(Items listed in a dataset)
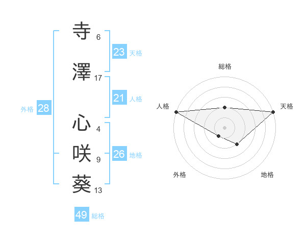 寺澤 心咲葵さんの総格は49画の2点
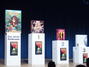 ドイツゲーム賞は10位から上がっていき、最後の1位から3位とキッズ賞はインタビューと受賞用大箱付き。
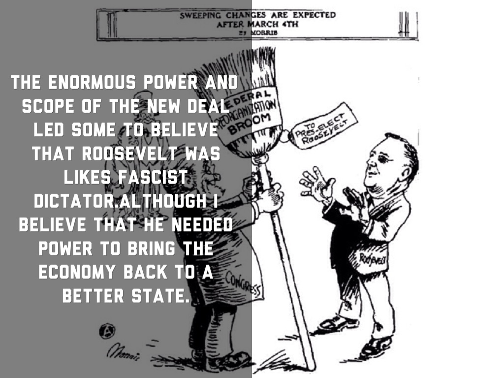 The enormous power and scope of the new deal led some to believe that Roosevelt was likes fascist dictator.although I believe that he needed power to bring the economy back to a better state.
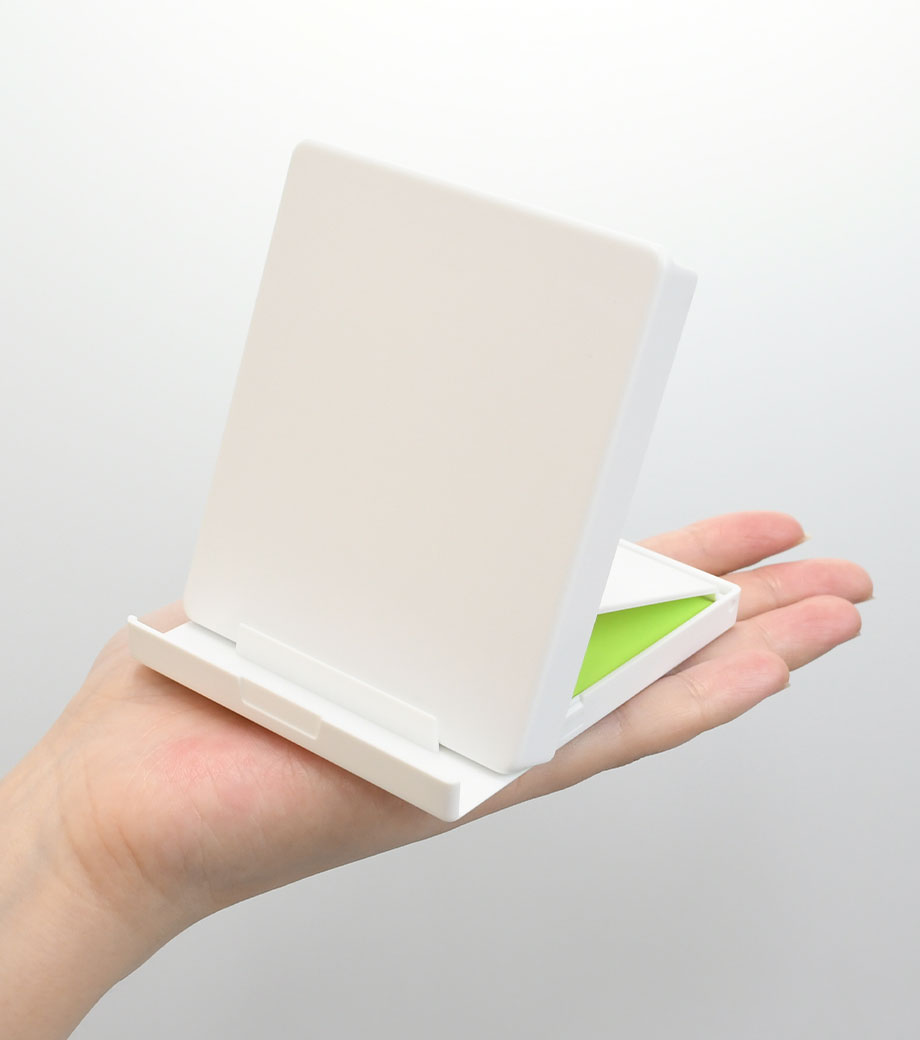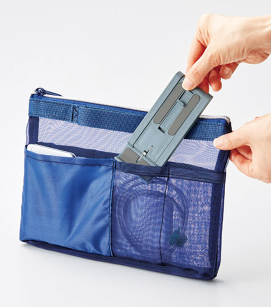スタンド面と台座裏面に滑り止めが付いているので、安定して使用できます。畳めば手のひらサイズとコンパクトに。バッグに入れて持ち運びができるので、ワーキングスペースや喫茶店で作業をしたい時にも便利です。
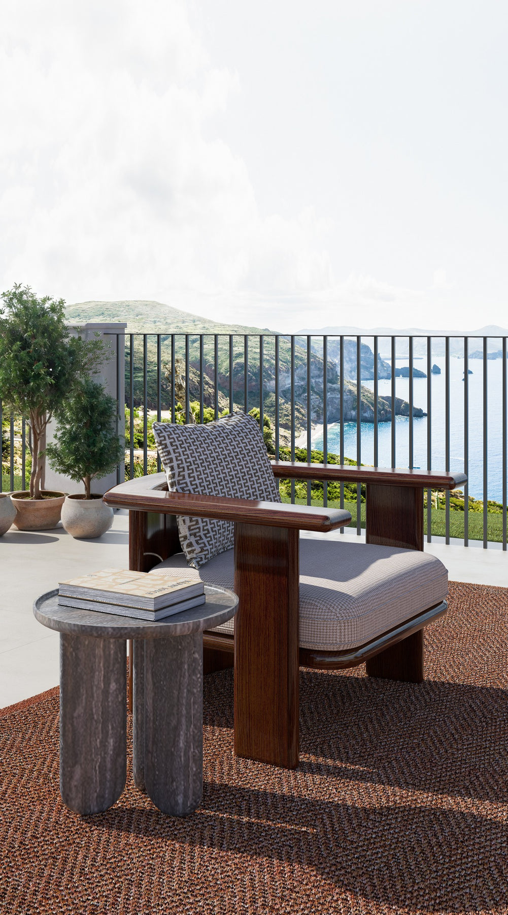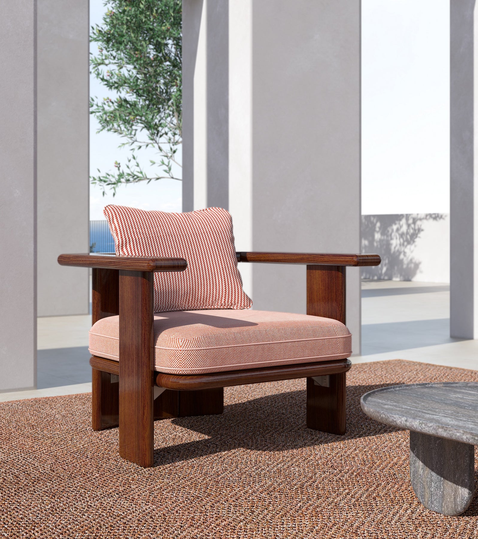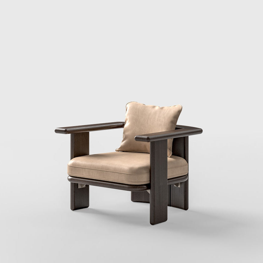 Armchair with a wooden base and upholstered in fabric.
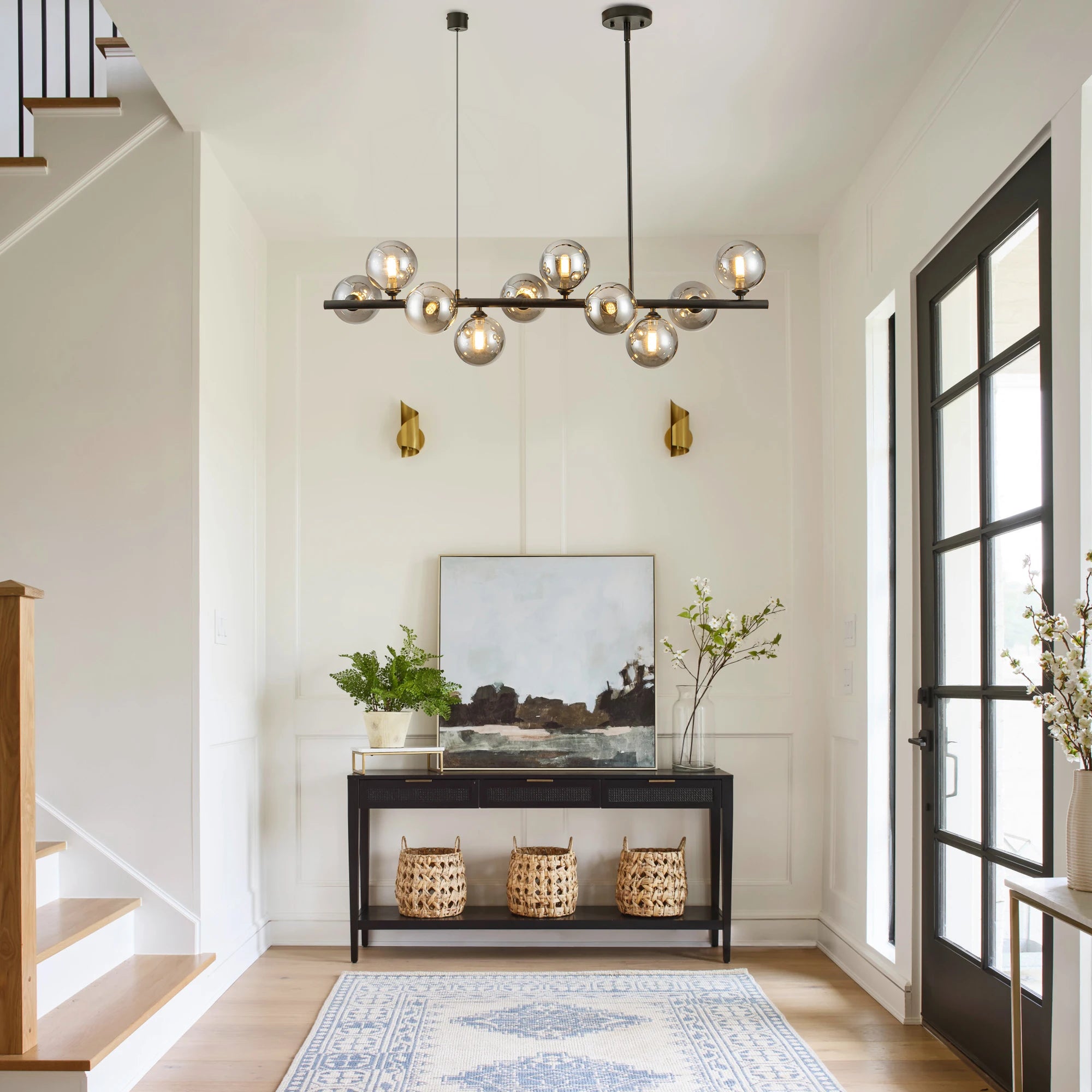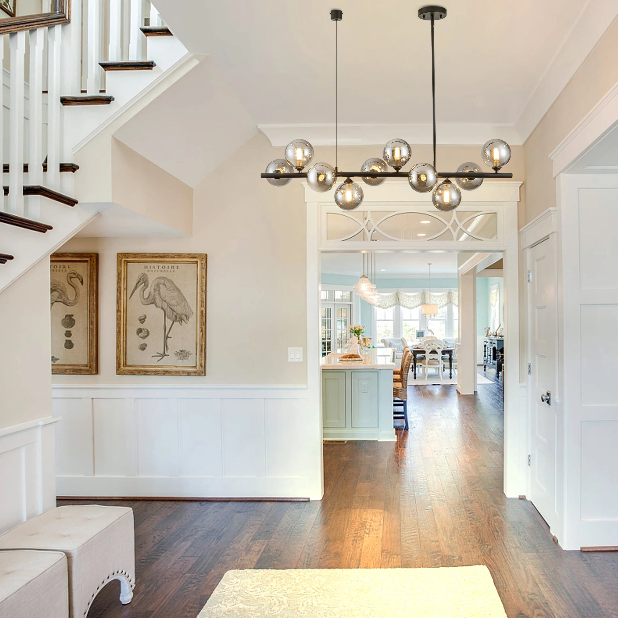 Featuring 333", black construction, this chandeliers combines durability with aesthetic appeal. The adjustable height lets you adjust it to your preferred height.
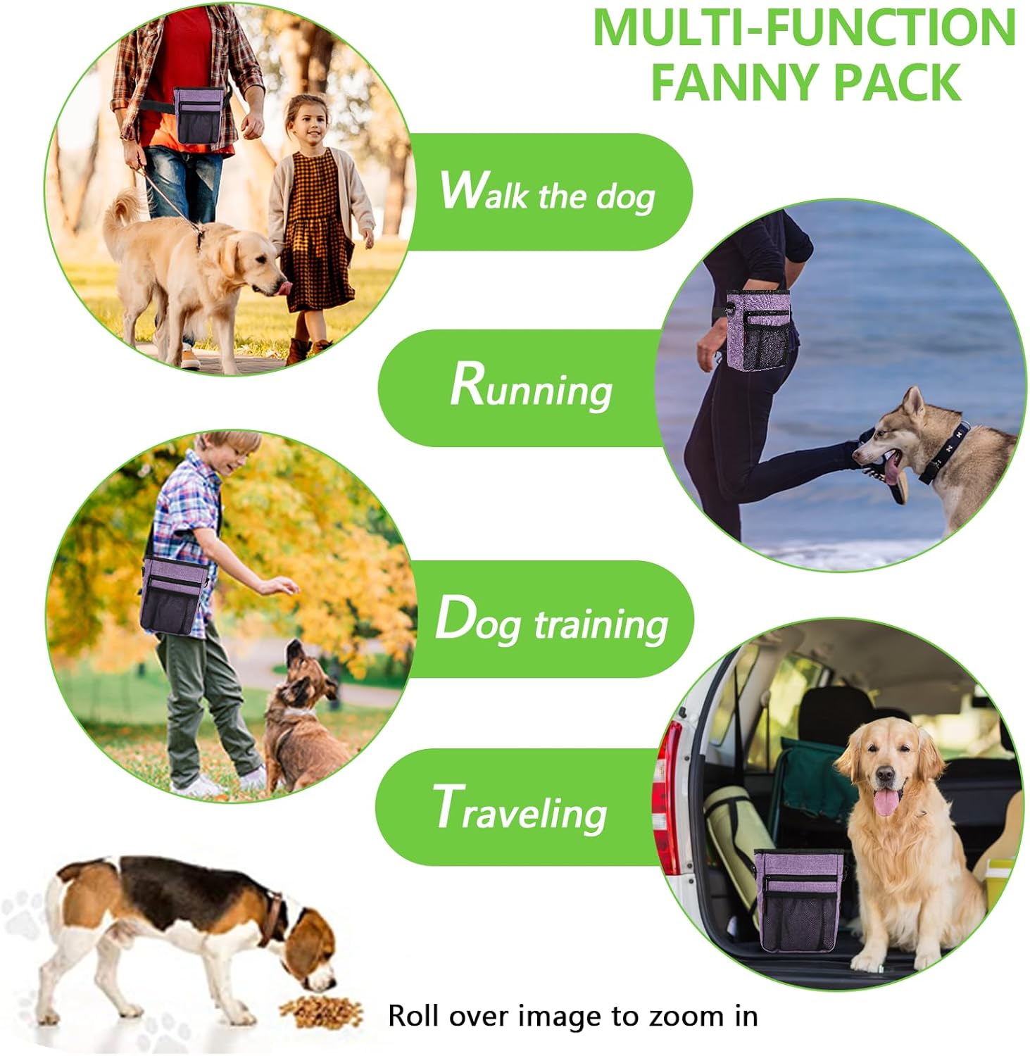 Dog Treat Pouches for Pet Training with Magnetic Closure Treat Pouches for Pet Training,Large Dog Treat Training Pouch and Dog Clicker,Training Treat Pouch Built-In Poop Bag Dispenser-Purple.
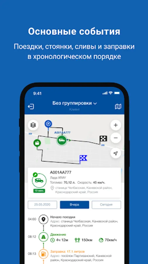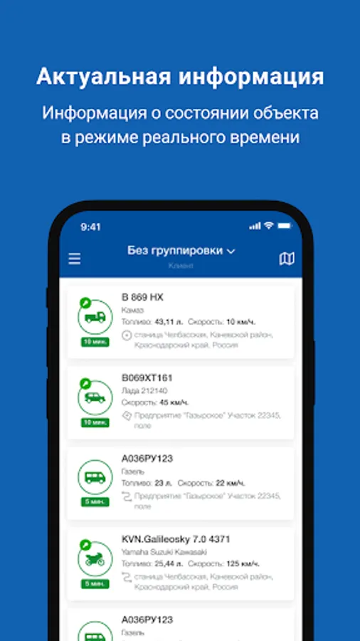 • grouping of vehicles by models, status, divisions of the company;
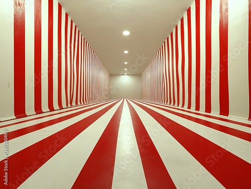 An enclosed room featuring red and white striped walls and floors
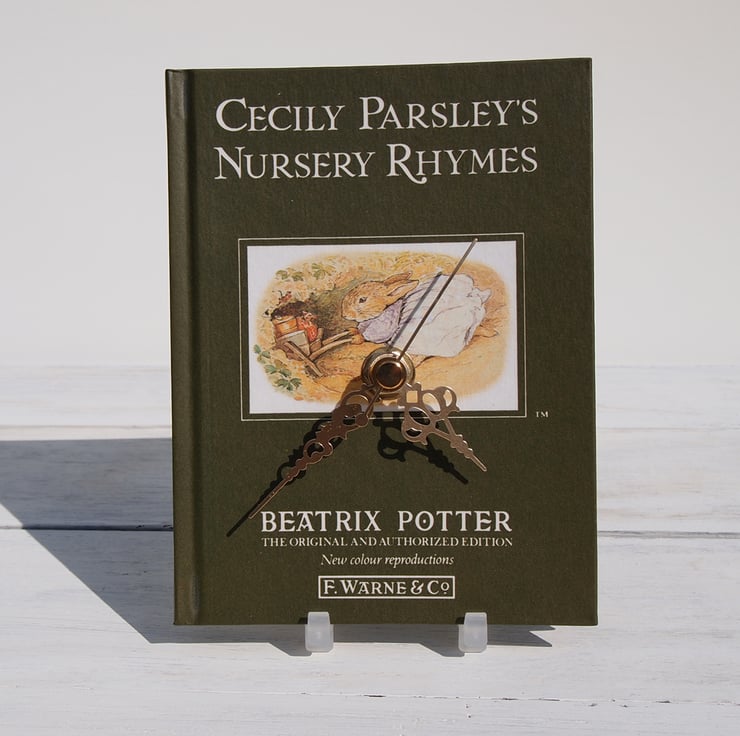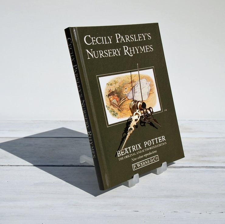 This clock has been created from an original copy of the book Cecily Parsley's Nursery Rhymes by Beatrix Potter. The book has been read and enjoyed by a previous owner so it may show light wear to the cover. This edition dates from the 1980s.
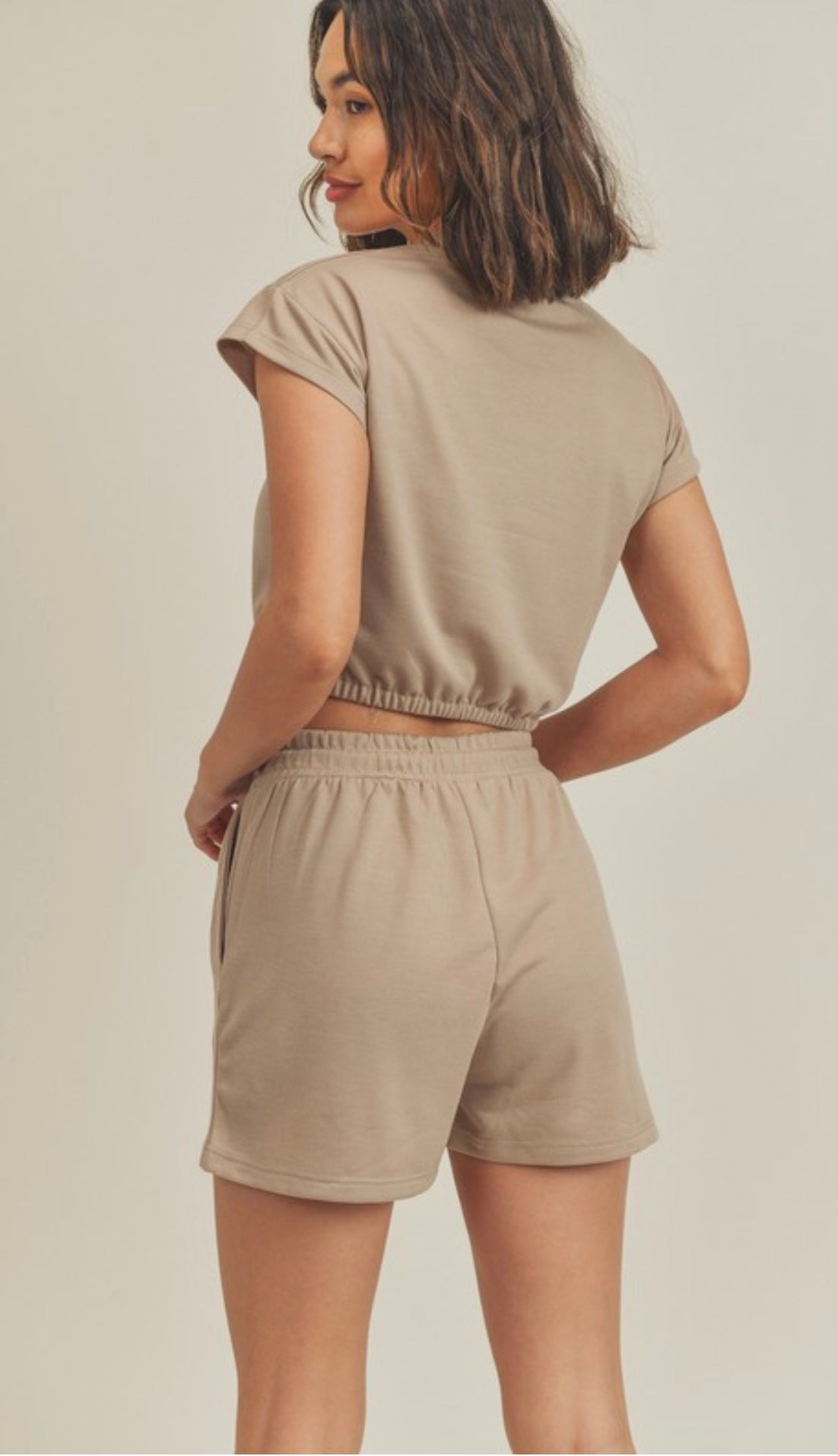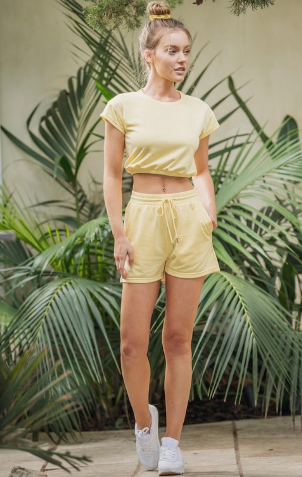 Crop Short Sleeve Shirt & Sweatshort Set. Light weight, French terry fabric. High waist, drawstring waistband with covered elastic, and diagonal side pockets. Machine wash cold (gentle cycle), tumble dry low or Hang Dry (recommended).

● TASK DIRECTIONS: Provide an exact copy of only the lines from the beginning of the entries through the line containing "スタンド面と台座裏面に滑り止", both ends included, with no pictures.

● REPLY TO THE TASK:
 寺澤 心咲葵さんの総格は49画の2点
 ドイツゲーム賞は10位から上がっていき、最後の1位から3位とキッズ賞はインタビューと受賞用大箱付き。
 The enormous power and scope of the new deal led some to believe that Roosevelt was likes fascist dictator.although I believe that he needed power to bring the economy back to a better state.
スタンド面と台座裏面に滑り止めが付いているので、安定して使用できます。畳めば手のひらサイズとコンパクトに。バッグに入れて持ち運びができるので、ワーキングスペースや喫茶店で作業をしたい時にも便利です。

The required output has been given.